WHAT TO WORK ON: Starting with the line that contains "In September 2018, President" and ending with the last line of the entries, repeat exactly those lines and nothing else, pictures excluded.

EXERCISE DATA:
======

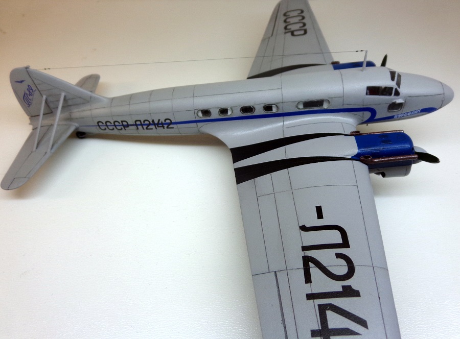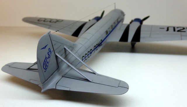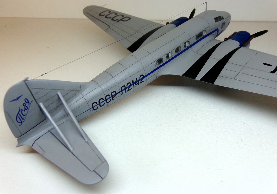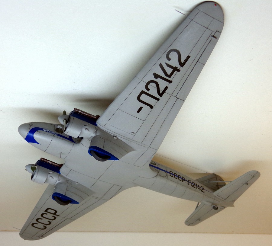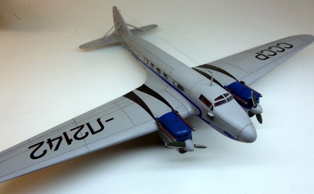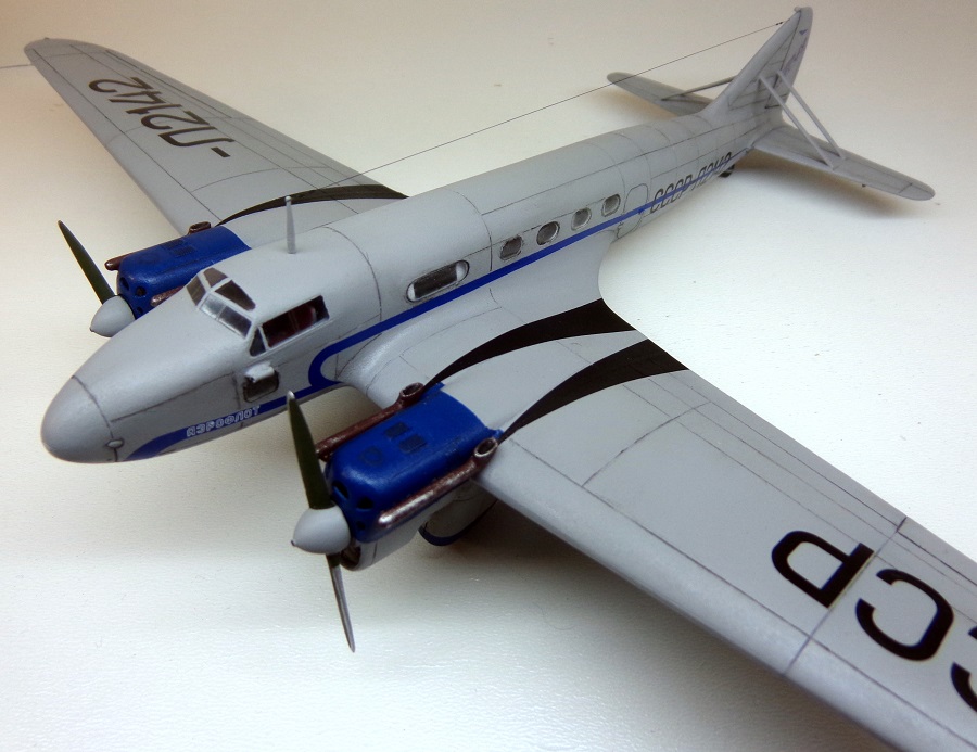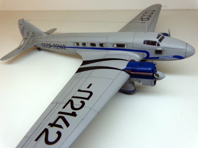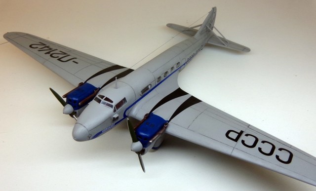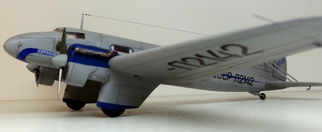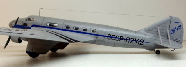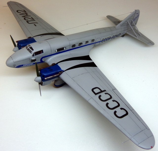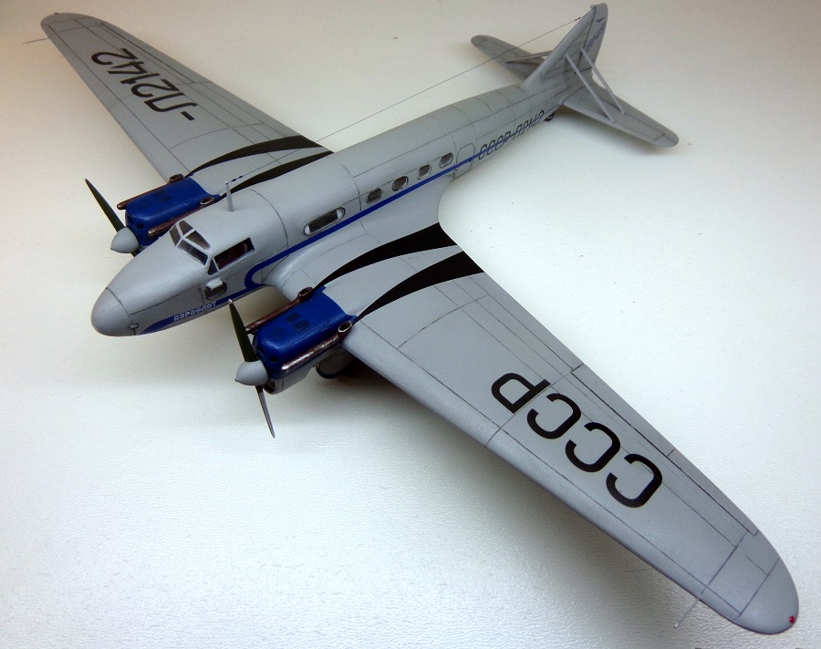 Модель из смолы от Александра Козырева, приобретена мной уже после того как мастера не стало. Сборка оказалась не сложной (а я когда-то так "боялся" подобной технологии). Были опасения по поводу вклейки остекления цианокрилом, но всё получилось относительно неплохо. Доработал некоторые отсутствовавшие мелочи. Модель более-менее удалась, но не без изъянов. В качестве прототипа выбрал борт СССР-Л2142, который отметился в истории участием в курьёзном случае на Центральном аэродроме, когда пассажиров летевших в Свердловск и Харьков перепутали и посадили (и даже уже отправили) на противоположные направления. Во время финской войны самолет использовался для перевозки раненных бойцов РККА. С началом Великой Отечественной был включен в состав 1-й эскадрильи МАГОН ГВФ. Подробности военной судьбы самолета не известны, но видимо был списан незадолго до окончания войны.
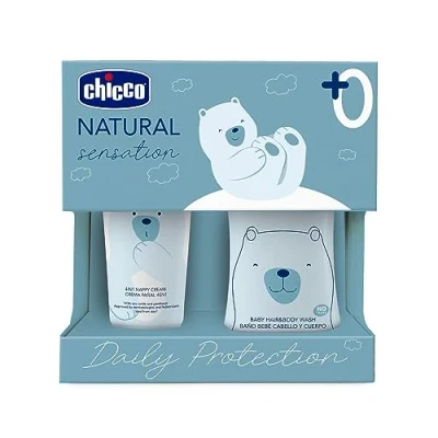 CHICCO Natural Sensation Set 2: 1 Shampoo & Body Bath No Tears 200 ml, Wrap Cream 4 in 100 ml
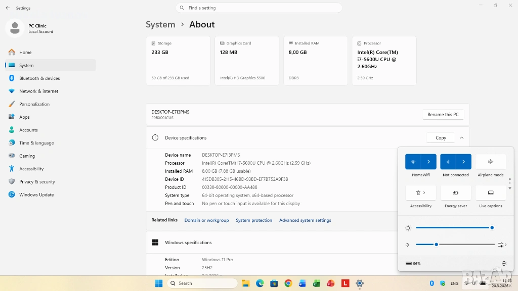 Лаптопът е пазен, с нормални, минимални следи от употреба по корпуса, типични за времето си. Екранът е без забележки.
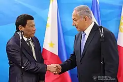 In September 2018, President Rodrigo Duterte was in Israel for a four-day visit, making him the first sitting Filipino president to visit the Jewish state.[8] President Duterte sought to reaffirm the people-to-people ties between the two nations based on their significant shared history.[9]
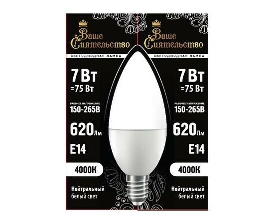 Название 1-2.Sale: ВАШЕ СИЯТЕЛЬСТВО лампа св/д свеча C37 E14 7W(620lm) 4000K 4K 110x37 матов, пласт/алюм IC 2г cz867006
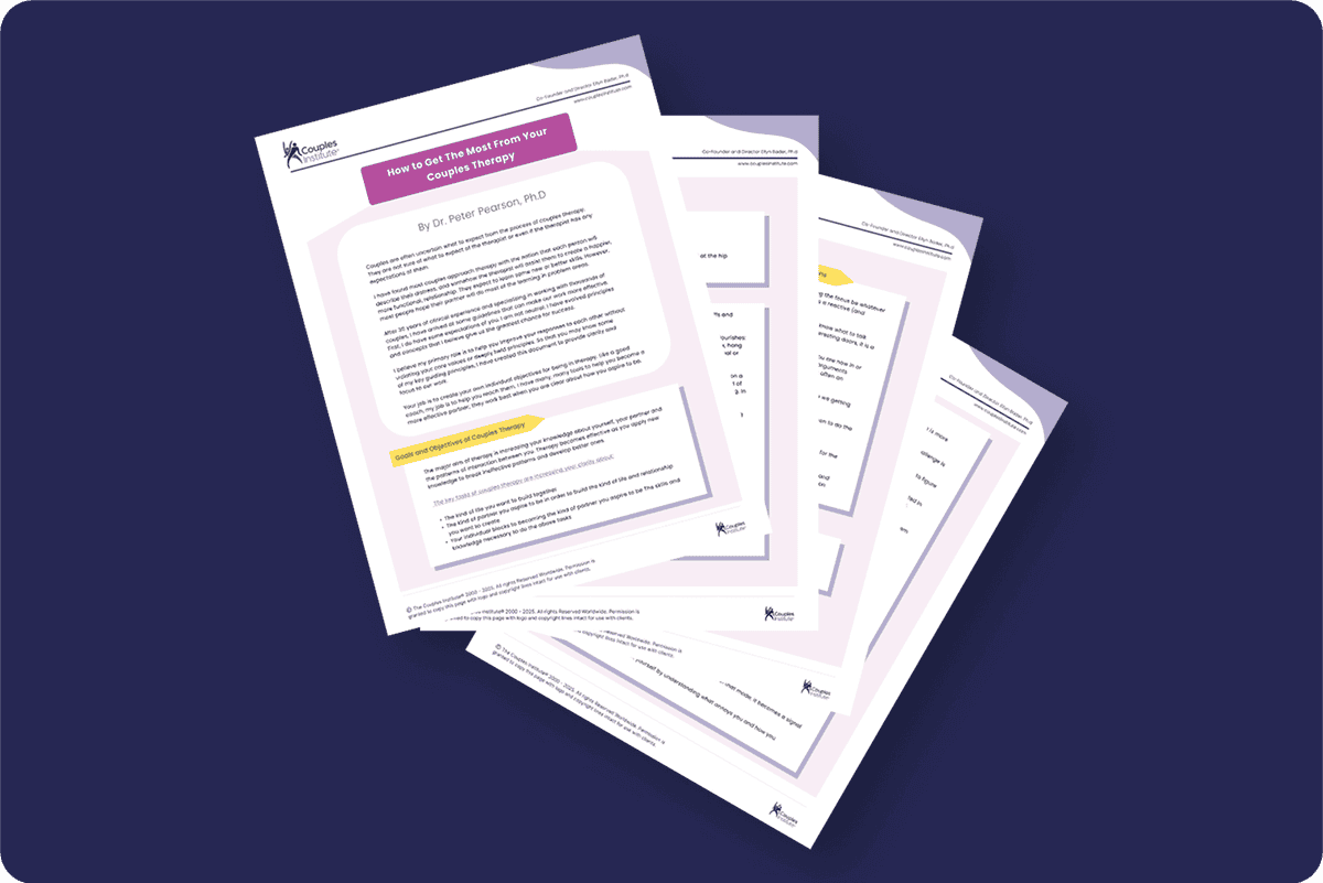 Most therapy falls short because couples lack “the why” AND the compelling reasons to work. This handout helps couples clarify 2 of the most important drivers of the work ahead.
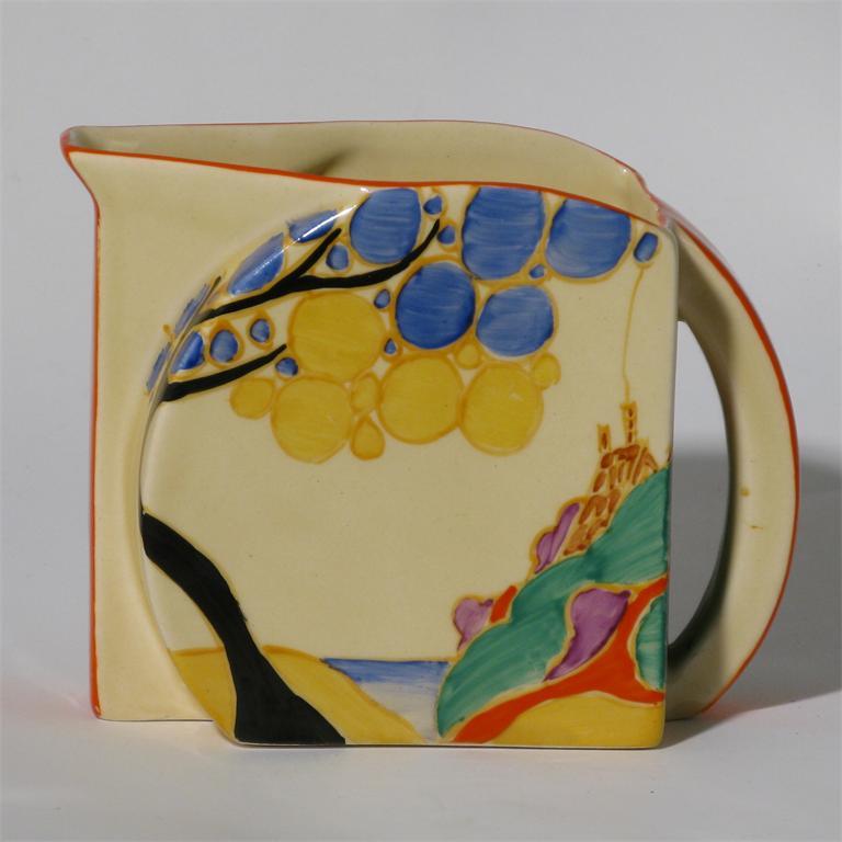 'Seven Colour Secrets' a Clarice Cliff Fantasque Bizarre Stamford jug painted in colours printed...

======

ANSWER SECTION:
 In September 2018, President Rodrigo Duterte was in Israel for a four-day visit, making him the first sitting Filipino president to visit the Jewish state.[8] President Duterte sought to reaffirm the people-to-people ties between the two nations based on their significant shared history.[9]
 Название 1-2.Sale: ВАШЕ СИЯТЕЛЬСТВО лампа св/д свеча C37 E14 7W(620lm) 4000K 4K 110x37 матов, пласт/алюм IC 2г cz867006
 Most therapy falls short because couples lack “the why” AND the compelling reasons to work. This handout helps couples clarify 2 of the most important drivers of the work ahead.
 'Seven Colour Secrets' a Clarice Cliff Fantasque Bizarre Stamford jug painted in colours printed...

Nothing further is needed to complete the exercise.